A vast majority of non-retired Canadians, at 88 per cent, are expressing concerns about paying for expenses while in retirement, according to a survey by Franklin Templeton Investments Corp. in Toronto.

This nervousness seems to be justified as 39 per cent of Canadians who have been retired for at least 11 years say their overall expenses have increased since retirement.

Even those who do save enough to retire at the age of 65 may find it difficult to gauge how expenses will rise over decades, especially when considering health care expenses and inflation, says Philip Bensen, senior vice president for Franklin Templeton Investments.

The survey also found that thinking about funding retirement is causing stress and anxiety for 68 per cent of Canadians.

Stress and anxiety levels are highest for those between the ages of 35 and 54 age, with roughly three-quarters of non-retired Canadians pre-retirees experiencing stress and anxiety when thinking about retirement savings and investments. While these levels certainly decrease as people head into retirement, 57 per cent of all retirees still experience stress and anxiety.

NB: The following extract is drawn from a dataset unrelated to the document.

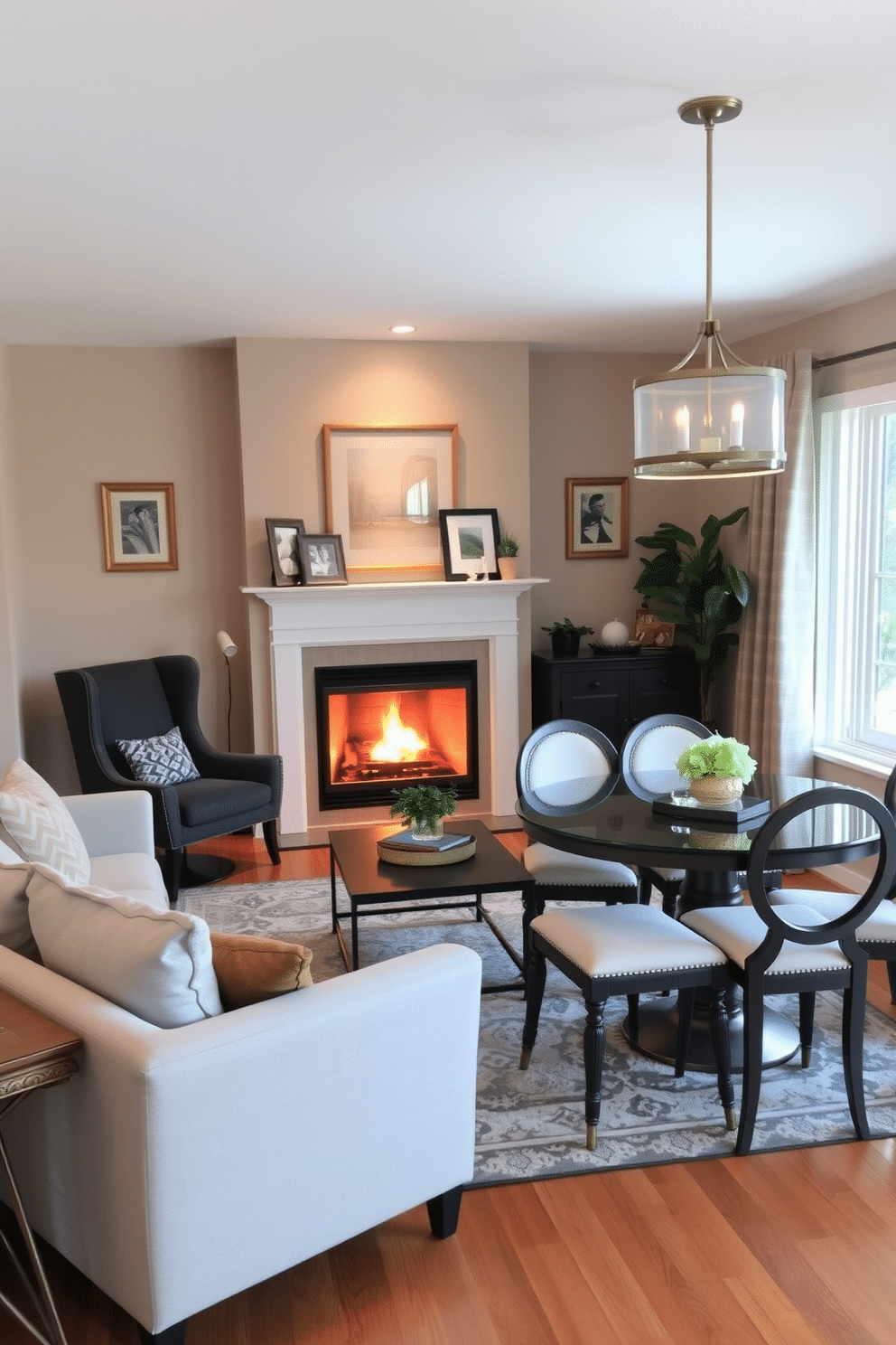 A cozy small living room features a warm, inviting fireplace as the focal point, surrounded by a stylish mantel adorned with decorative items. A plush area rug defines the space, while a comfortable sofa and accent chairs are arranged to encourage conversation.

This is most likely due to being fearful of or surprised by unexpected major expenses like health care, according to Franklin Templeton Investments.

“In [people’s] 30s, 40s and 50s, the day-to-day expenses of life, such as paying for a house, a car and children, often make it challenging to set aside enough for retirement,” said Bensen. “The idea of catching up can be stressful and anxiety inducing, stopping people from taking even simple steps.”

What can help is having an advisor. The survey found 92 per cent of Canadians who work with an advisor are more likely to be saving for retirement as opposed to 43 per cent of Canadians who have never used an advisor’s services.

And 52 per cent of those who currently work with an advisor are likely to have a written retirement income plan while 22 per cent of those who have worked with an advisor in the past but do not currently use an advisor’s services are likely to have a documented plan.

“Taking proactive measures is the best way to ease retirement concerns and bridge the gap between worries, expectations and reality,” says Michael Doshier, head of retirement marketing for Franklin Templeton Investments. “Getting advice and having a written plan can ease concerns and put [people] on the path to a successful retirement.”

The survey also asked retired Canadians and Americans for their financial advice. More than three-quarters recommend, “saving early, saving often and saving consistently.”

This poll was conducted online, using a sample of 6,023 adult individuals throughout Canada, the U.S. and the UK ORC International’s Online Caravan Omnibus Surveys administered the survey between Jan. 28 and 22.